Last updated: 18 February 2026

1. Introduction and Scope

BugBoard ("we", "us", "our") is a visual feedback and bug reporting tool operated by TechTeamUp, a company based in the United Kingdom. This Privacy Policy explains how we handle personal information at bugs.techteamup.com.

This policy applies globally to:

  • Project Owners — users who create projects and install the embeddable widget on their websites
  • Team Members — users who review and manage bug reports within projects
  • Feedback Submitters — end users of third-party websites who submit visual feedback via the embedded widget

We comply with the UK GDPR, EU GDPR, Data Protection Act 2018, CCPA/CPRA, and other applicable laws.

2. Data Controller and Data Processor

  • Data Controller: TechTeamUp is the controller for BugBoard account data.
  • Data Processor: For feedback data collected via the widget on third-party sites, the site operator (Project Owner) is the controller and TechTeamUp is the processor.

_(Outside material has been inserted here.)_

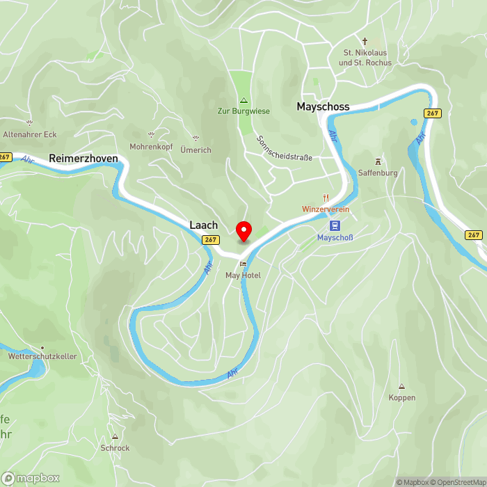 Das May Hotel Mayschoß befindet sich neben den idyllischen Weinbergen des beschaulichen Ortes Mayschoß. Den Ortskern erreichen Sie nach etwa 1 km, die nächste Bushaltestelle nach ungefähr 250 m und den Bahnhof von Remagen nach rund 25 km. Die Stadt Bonn ist ebenfalls ungefähr 25 km entfernt. Mayschoß, als Teil des Ahrtals, bietet mehrere schöne Radwege und eine Vielzahl an Wanderwegen.
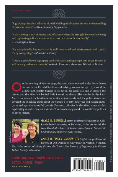 On the evening of May 16, 1937, the train doors opened at the Porte Doree station in the Paris Metro to reveal a dying woman slumped by a window, an eight-inch stiletto buried to its hilt in her neck. No one witnessed the crime, and the killer left behind little forensic evidence. This first-ever murder in the Paris Metro dominated the headlines for weeks during the summer of 1937, as journalists and the police slowly uncovered the shocking truth about the victim: a twenty-nine-year-old Italian immigrant, the beautiful and elusive Laetitia Toureaux. Toureaux toiled each day in a factory, but spent her nights working as a spy in the seamy Parisian underworld. Just as the dangerous spy Mata Hari fascinated Parisians of an earlier generation, the mystery of Toureaux's murder held the French public spellbound in pre-war Paris, as the police tried and failed to identify her assassin. In Murder in the Metro, Gayle K. Brunelle and Annette Finley-Croswhite unravel Toureaux's complicated and mysterious life, assessing her complex identity within the larger political context of the time. They follow the trail of Toureaux's murder investigation to the Comite Secret d'Action Revolutionnaire, a secret right-wing political organization popularly known as the Cagoule, or "hooded ones." Obsessed with the Communist threat they perceived in the growing power of labor unions and the French left wing, the Cagoule's leaders aimed to overthrow France's Third Republic and install an authoritarian regime allied with Italy. With Mussolini as their ally and Italian fascism as their model, they did not shrink from committing violent crimes and fomenting terror to accomplish their goal. In 1936, Toureaux -- at the behest of the French police -- infiltrated this dangerous group of terrorists and seduced one of its leaders, Gabriel Jeantet, to gain more information. This operation, the authors show, eventually cost Toureaux her life. The tale of Laetitia Toureaux epitomizes the turbulence of 1930s France, as the country prepared for a war most people dreaded but assumed would come. This period, therefore, generated great anxiety but also offered new opportunities -- and risks -- to Toureaux as she embraced the identity of a "modern" woman. The authors unravel her murder as they detail her story and that of the Cagoule, within the popular culture and conflicted politics of 1930s France. By examining documents related to Toureaux's murder -- documents the French government has sealed from public view until 2038 -- Brunelle and Finley-Croswhite link Toureaux's death not only to the Cagoule but also to the Italian secret service, for whom she acted as an informant. Their research provides likely answers to the question of the identity of Toureaux's murderer and offers a fascinating look at the dark and dangerous streets of pre--World War II Paris.

See our Data Processing Agreement.

Data Protection Contact: Tom Watts, Director · TechTeamUp · [email protected]

3. Personal Data We Collect

3.1 Information Provided by Users

CategoryExamplesLawful Basis
Account dataName, email, hashed passwordContract (Art. 6(1)(b))
Bug report contentDescription text, annotationsContract / Consent (Art. 6(1)(b)/(a))
Feedback submitter infoName/email if provided via widget form fieldsConsent (Art. 6(1)(a))

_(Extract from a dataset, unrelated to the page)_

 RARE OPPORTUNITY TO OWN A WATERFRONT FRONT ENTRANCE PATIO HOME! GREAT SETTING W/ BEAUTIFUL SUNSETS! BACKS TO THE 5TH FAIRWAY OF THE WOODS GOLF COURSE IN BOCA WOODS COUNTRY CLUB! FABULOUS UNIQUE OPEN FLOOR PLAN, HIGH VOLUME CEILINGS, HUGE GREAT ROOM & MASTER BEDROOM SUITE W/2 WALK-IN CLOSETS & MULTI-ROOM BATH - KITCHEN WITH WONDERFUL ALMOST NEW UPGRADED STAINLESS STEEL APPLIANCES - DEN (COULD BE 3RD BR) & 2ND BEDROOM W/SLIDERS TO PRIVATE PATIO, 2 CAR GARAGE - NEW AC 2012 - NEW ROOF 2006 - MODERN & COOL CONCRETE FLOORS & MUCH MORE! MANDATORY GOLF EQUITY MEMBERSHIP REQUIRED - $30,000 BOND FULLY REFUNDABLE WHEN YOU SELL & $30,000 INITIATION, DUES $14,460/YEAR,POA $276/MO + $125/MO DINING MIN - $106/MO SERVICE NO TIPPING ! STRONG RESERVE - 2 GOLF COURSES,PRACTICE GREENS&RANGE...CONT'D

3.2 Information Collected via Technology

CategoryExamplesLawful Basis
ScreenshotsVisual capture of the page visible area at time of feedbackConsent / Legitimate interest (Art. 6(1)(a)/(f))
Page metadataURL, browser, OS, screen resolution, viewport sizeLegitimate interest (Art. 6(1)(f))
Console logsJavaScript errors/warnings (when enabled by Project Owner)Legitimate interest (Art. 6(1)(f))
Device dataIP address (server logs), user agentLegitimate interest (Art. 6(1)(f))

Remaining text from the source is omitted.